Now, there are some caveats to what I explained above, e.g. actually Julia doesn't completely inline the full 100 functions, but it will only "unroll" these sort of recursions at compile-time up to a certain point (still does infers the types though).

And no need to preface with "maybe this is a stupid question" or anything; when it comes to these things there really aren't any stupid questions:) Julia is simple to get up and running with, but it's also very complex in the sense that you can always keep digging and optimizing.
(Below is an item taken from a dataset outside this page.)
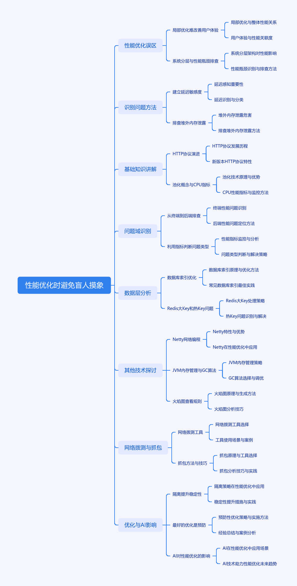 文章围绕性能优化展开,探讨如何避免盲人摸象。先指出性能优化易陷入局部,应基于全链路视角,如分析系统分层和性能瓶颈。介绍识别问题的方法,包括建立延迟敏感度、排查堆外内存泄露等。阐述基础知识,如HTTP协议演进、池化概念、CPU指标等。还提及快速识别问题域的步骤,从终端到后端各节点排查。分析数据层问题,如数据库索引优化、Redis大字段影响等。介绍Netty、JVM、火焰图、网络拨测等相关内容及优化方法。强调隔离对稳定性的重要性,探讨性能优化时机,认为最好的优化是预防,并探讨AI对性能优化的影响。

I came mostly from a Python background myself, so I'm still trying to figure this stuff out even after 3 years of Julia :sweat_smiley:

[zuhengxu]

In Julia, you can even inspect these things directly: ....

This is a ridiculously good explanation to my question and really elucidate many phenomenons I observed! Appreciate this awsome answer @torfjelde!

[torfjelde]

Awesome stuff @zuhengxu :)

[torfjelde]

I'll let you do the honour of hitting the big green merge button

[cpfiffer]

Really well done in here! I've been following a little bit and this looks really wonderful.